Working with Data in R – Part II: Data Types & Reading-In Data

This post is Part II of our series on working with data in R (you can find Part I here).

Next Steps

In this post, we will continue to learn about data classes in R, such as Vectors, Factors, Matrices and Data Frames. We will also look at a number of ways in which data can be loaded – or “read in” to R for analysis. Enjoy!

Assigning Objects: Vectors

When we left off on Part I of this series, we had just created a new object by “assigning” values we had specified to it. For example:

vec <- c(2, 4, 6, 8, 10)

The code above creates a new object in our R environment called ‘vec’ which consists of the values 2, 4, 6, 8, and 10. In R, this object is known as a vector.

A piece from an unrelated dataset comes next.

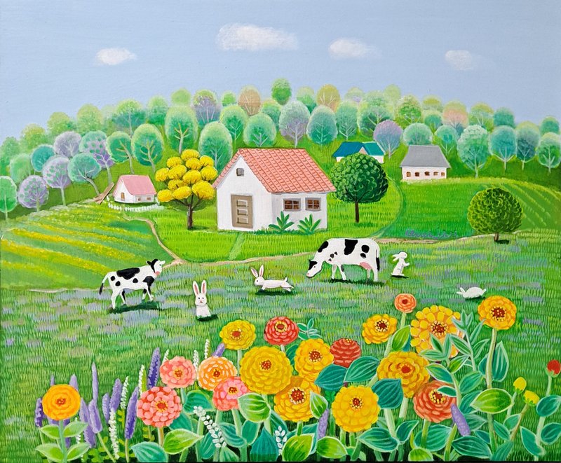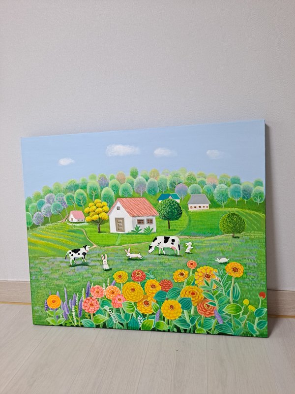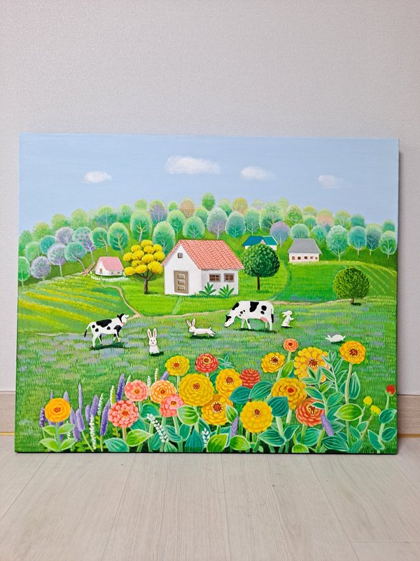 최진 작가는 만개한 꽃의 정원 속 인간과 동물들이 함께하는 유토피아를 꿈꾸며, 동화처럼 아름다운 세상을 작품으로 그려냅니다. 인간과 동물의 생활 반경이 명확히 구분되어 있는 현실과 달리, 화폭 속 알록달록한 색상의 정원에는 모든 생명체가 자연스럽게 어우러져 있습니다. 그는 바쁜 나날 속 회색빛 콘크리트 도시처럼 색 바랜 현대인의 내면을 푸른 들판에 피어난 꽃송이처럼, 다채로운 색으로 가득 채우고자 했습니다. '휴일', '파라다이스', '행복' 등 작품의 제목에 사용된 단어에서 엿볼 수 있듯, 최진 작가의 캔버스는 동산 위를 뛰어노는 어린아이의 순수한 마음처럼, 즐거움으로 만개해 있습니다. 입가에 은은한 미소를 선사하는 그의 작품을 통해, 오늘의 나에게 작은 휴식을 선물해 보세요.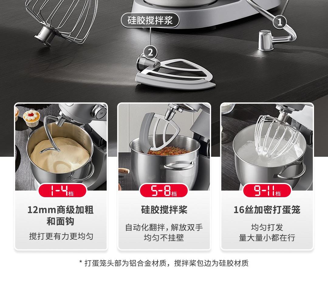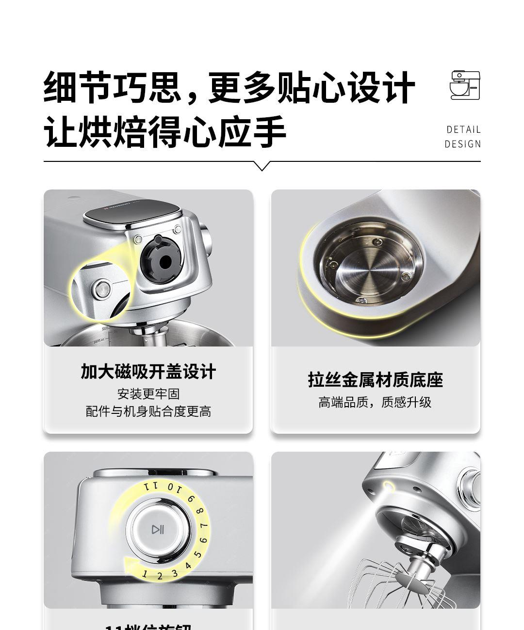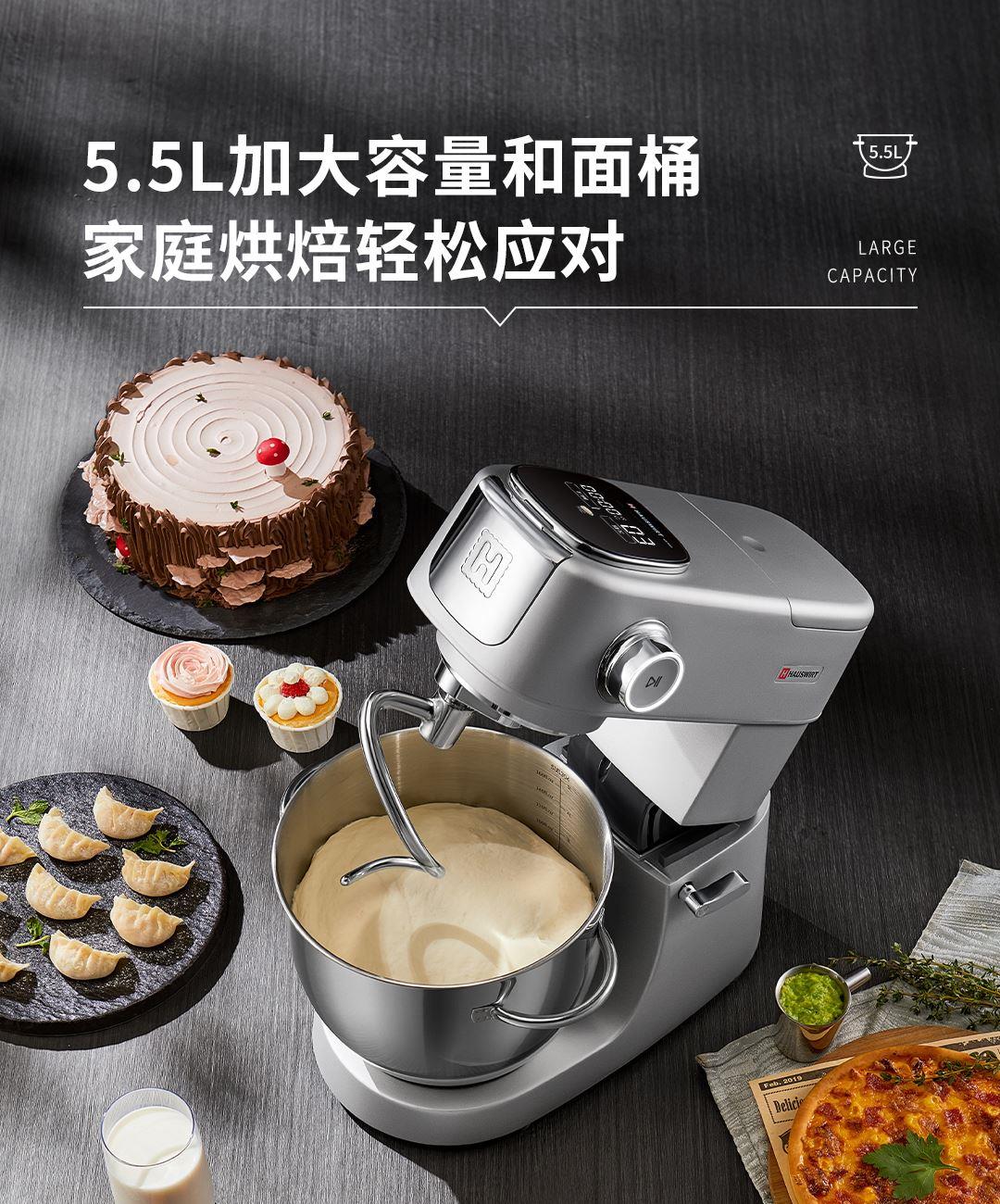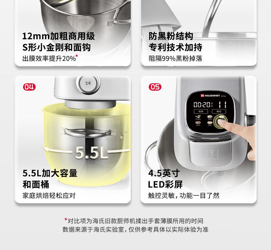 产品容积:5.5L 额定电源:220V~50HZ 功率:800W 时控区间:0-30分钟 产品档位:0-11档 9KG加厚铸铝机身+金属加宽底座设计,稳固机身高速不晃动 12mm加粗商用级,S形小金刚和面钩,出膜效率提升20% 防黑粉结构,阻隔99℅黑粉掉落 5.5L加大容量和面桶,家庭烘焙轻松应对 升级4.5英寸彩色触控屏,五大智能菜单+自定义双模式调控 顶置触控彩屏+侧方位旋钮调节,无需弯腰设定参数 升级专业降噪设计,独享安静烘焙空间

Specifically, a numeric vector since it contains numbers as opposed to characters, etc.

We can call this object by name within a variety of basic R functions to learn more about it:

class(vec)  # What data class does it belong to?
## [1] "numeric"
str(vec)  # What is its "structure"?
##  num [1:5] 2 4 6 8 10
sum(vec)  # What is the sum of its values?
## [1] 30
mean(vec)  # What is the mean of its values?
## [1] 6
summary(vec)  # Displays basic information, such as a variable's distribution characteristics
##    Min. 1st Qu.  Median    Mean 3rd Qu.    Max. 
##       2       4       6       6       8      10

Character Vectors

Of course, vectors don’t need to be numeric, we can also create character vectors using a variation on the code above:

w <- c("a", "b", "c", "d")
class(w)
## [1] "character"
w
## [1] "a" "b" "c" "d"

Lists

We can also create a special kind of vector called a list, comprised of elements from different data classes (see Part I of this series for a review of data classes in R). Below is an example of a list containing numeric and character data:

x <- list(1, 2, 3, 4, "a")
class(x)
## [1] "list"
x
## [[1]]
## [1] 1
## 
## [[2]]
## [1] 2
## 
## [[3]]
## [1] 3
## 
## [[4]]
## [1] 4
## 
## [[5]]
## [1] "a"

Factors

Another special kind of vector in R is the factor. Factor variables are used to represent categorical data and can be ordered or unordered in nature. Factors allow R to make important distinctions and treat categorical data (such as Male/Female, Smoker/Non-Smoker, etc) properly in a wide variety of analytical procedures. In R, factors can be thought of as integer variables where each integer has a label.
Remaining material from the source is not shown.